Work to be completed — Can you copy out the data exactly? Leave the images out.
##### Dataset section #####
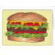 Greeting card features an original marker illustration of a hamburger topped with lettuce, tomato, and cheese, printed on a yellow background.
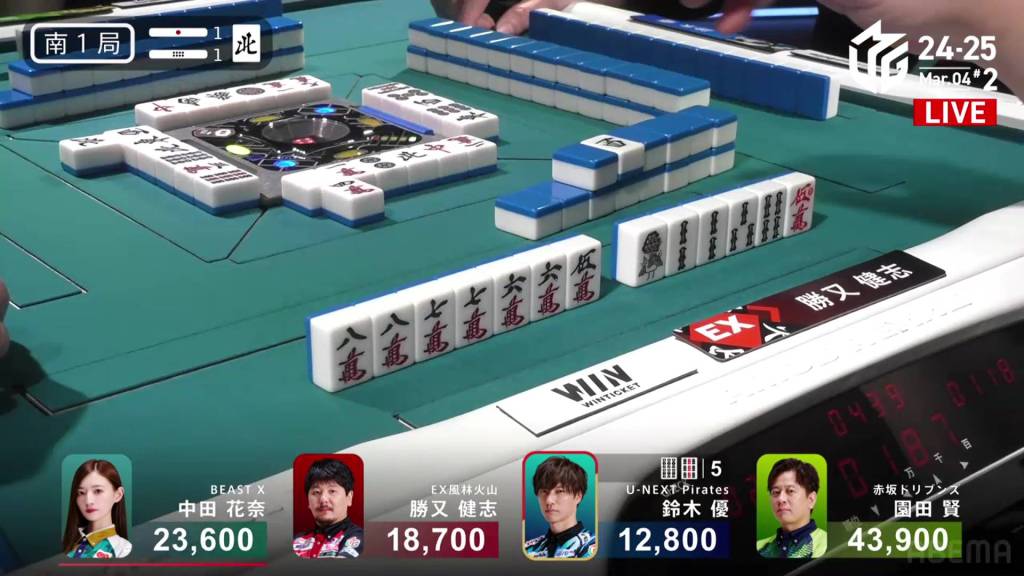 Across from him, Katsumata is trying to make a fast hand and secure his 2nd place. Right after another, Katsumata calls a 678s sequence and a 2s pon, getting to iishanten. With a 234p chii at the start of the second row, Katsumata gets to tenpai and waits on a 58m ryanmen.
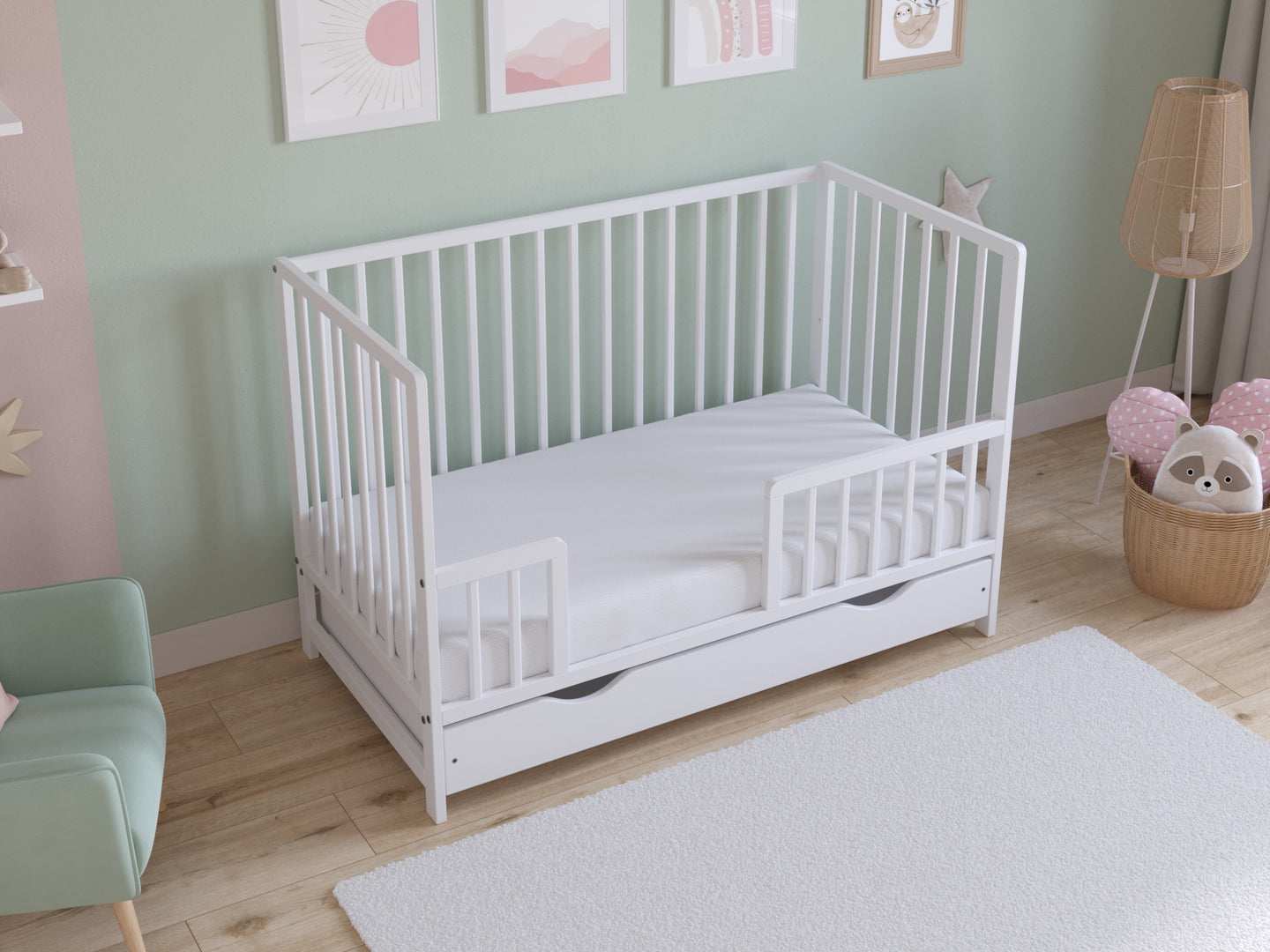 Additionally, with three adjustable cot mattress base heights, you can easily adapt the sleeping position as your child develops, providing optimal comfort throughout the night. It easily converts into a toddler bed by utilising the included bed guard, ensuring a smooth transition as your child grows.
#####
Reply to the task —
 Greeting card features an original marker illustration of a hamburger topped with lettuce, tomato, and cheese, printed on a yellow background.
 Across from him, Katsumata is trying to make a fast hand and secure his 2nd place. Right after another, Katsumata calls a 678s sequence and a 2s pon, getting to iishanten. With a 234p chii at the start of the second row, Katsumata gets to tenpai and waits on a 58m ryanmen.
 Additionally, with three adjustable cot mattress base heights, you can easily adapt the sleeping position as your child develops, providing optimal comfort throughout the night. It easily converts into a toddler bed by utilising the included bed guard, ensuring a smooth transition as your child grows.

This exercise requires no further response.